Top of Data excerpts
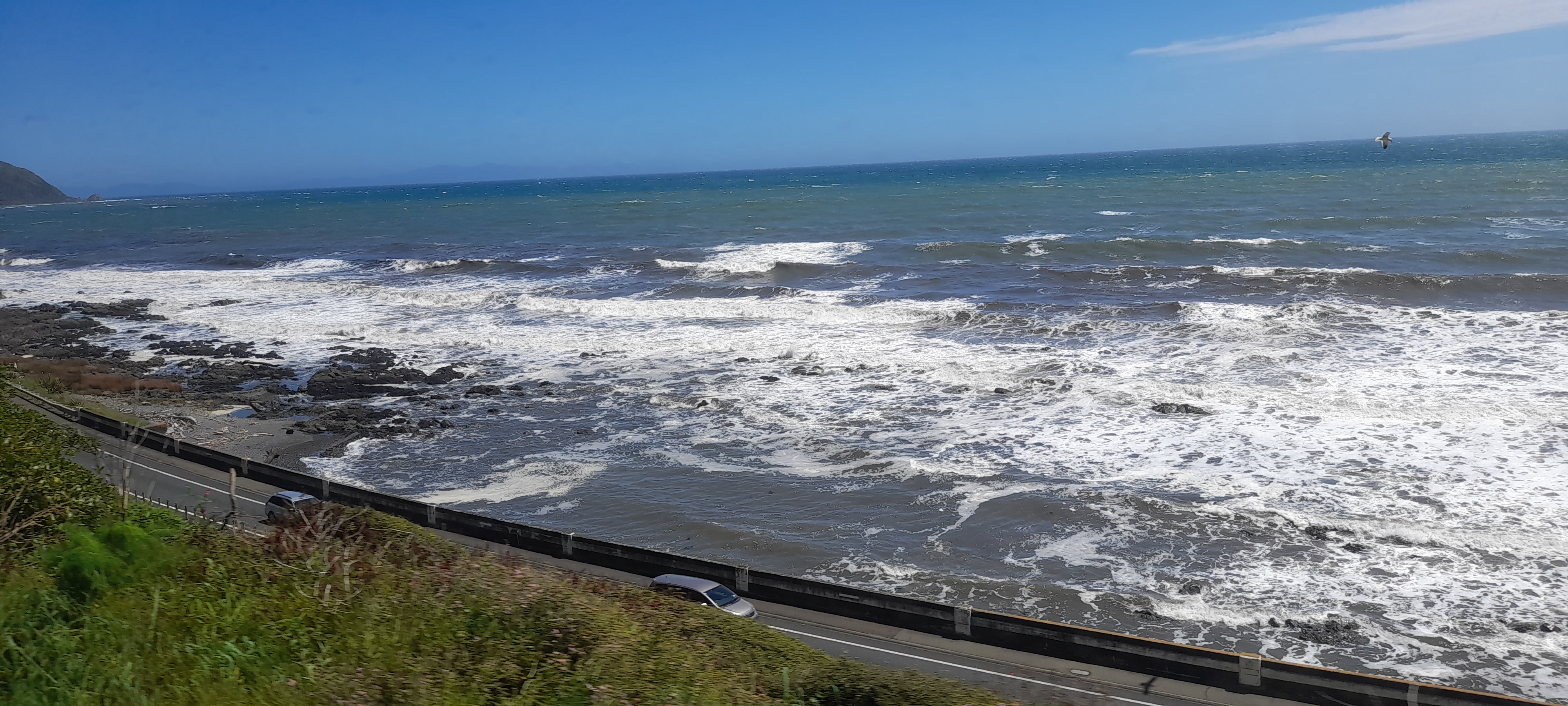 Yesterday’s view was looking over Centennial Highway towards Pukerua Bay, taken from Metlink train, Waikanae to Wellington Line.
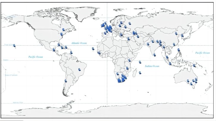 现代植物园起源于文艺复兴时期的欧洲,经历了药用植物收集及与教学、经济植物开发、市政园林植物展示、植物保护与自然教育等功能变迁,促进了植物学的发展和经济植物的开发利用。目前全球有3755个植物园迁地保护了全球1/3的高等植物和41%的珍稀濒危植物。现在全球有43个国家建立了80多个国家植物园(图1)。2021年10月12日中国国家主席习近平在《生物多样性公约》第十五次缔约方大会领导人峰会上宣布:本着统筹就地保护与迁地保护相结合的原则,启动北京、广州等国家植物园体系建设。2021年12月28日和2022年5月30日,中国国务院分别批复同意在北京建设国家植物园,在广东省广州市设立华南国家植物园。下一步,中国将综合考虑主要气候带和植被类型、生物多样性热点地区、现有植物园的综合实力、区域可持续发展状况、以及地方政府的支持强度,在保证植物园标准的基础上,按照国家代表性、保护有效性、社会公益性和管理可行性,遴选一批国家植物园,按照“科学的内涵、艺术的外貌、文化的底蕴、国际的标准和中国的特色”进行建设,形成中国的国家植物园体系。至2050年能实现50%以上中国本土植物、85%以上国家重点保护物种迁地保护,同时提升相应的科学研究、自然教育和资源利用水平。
Bottom of Data excerpts
Top of Data excerpts
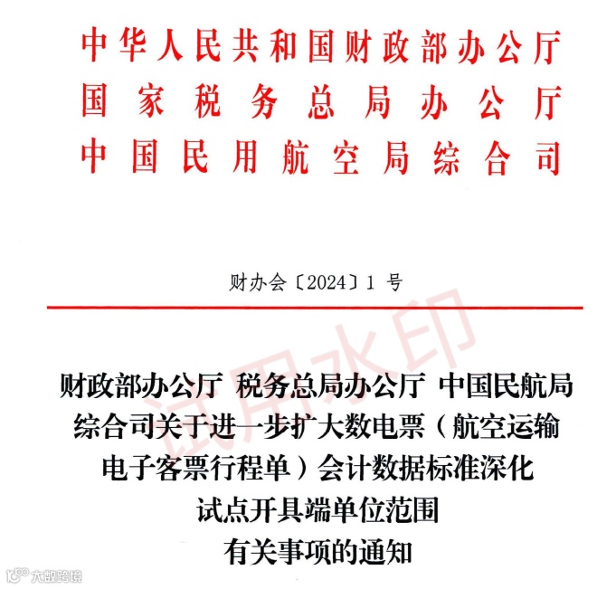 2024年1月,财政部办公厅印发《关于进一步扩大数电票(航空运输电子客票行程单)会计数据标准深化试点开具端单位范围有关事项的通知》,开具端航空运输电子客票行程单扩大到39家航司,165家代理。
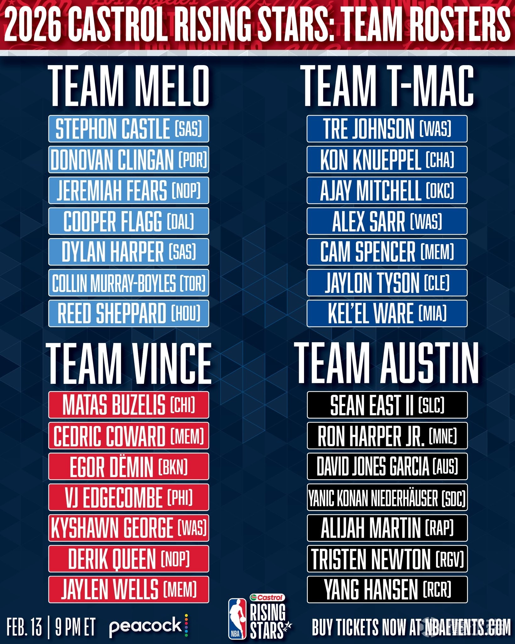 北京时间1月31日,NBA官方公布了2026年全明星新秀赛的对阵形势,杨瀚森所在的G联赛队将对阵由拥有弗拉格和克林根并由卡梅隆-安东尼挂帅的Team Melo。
Bottom of Data excerpts
→ What to produce
Exact copy, pictures excluded: from the line with "Yesterday’s view was" up to and including the line with "现代植物园起源于文艺复兴时期" in the data above.

→ Expected answer
 Yesterday’s view was looking over Centennial Highway towards Pukerua Bay, taken from Metlink train, Waikanae to Wellington Line.
 现代植物园起源于文艺复兴时期的欧洲,经历了药用植物收集及与教学、经济植物开发、市政园林植物展示、植物保护与自然教育等功能变迁,促进了植物学的发展和经济植物的开发利用。目前全球有3755个植物园迁地保护了全球1/3的高等植物和41%的珍稀濒危植物。现在全球有43个国家建立了80多个国家植物园(图1)。2021年10月12日中国国家主席习近平在《生物多样性公约》第十五次缔约方大会领导人峰会上宣布:本着统筹就地保护与迁地保护相结合的原则,启动北京、广州等国家植物园体系建设。2021年12月28日和2022年5月30日,中国国务院分别批复同意在北京建设国家植物园,在广东省广州市设立华南国家植物园。下一步,中国将综合考虑主要气候带和植被类型、生物多样性热点地区、现有植物园的综合实力、区域可持续发展状况、以及地方政府的支持强度,在保证植物园标准的基础上,按照国家代表性、保护有效性、社会公益性和管理可行性,遴选一批国家植物园,按照“科学的内涵、艺术的外貌、文化的底蕴、国际的标准和中国的特色”进行建设,形成中国的国家植物园体系。至2050年能实现50%以上中国本土植物、85%以上国家重点保护物种迁地保护,同时提升相应的科学研究、自然教育和资源利用水平。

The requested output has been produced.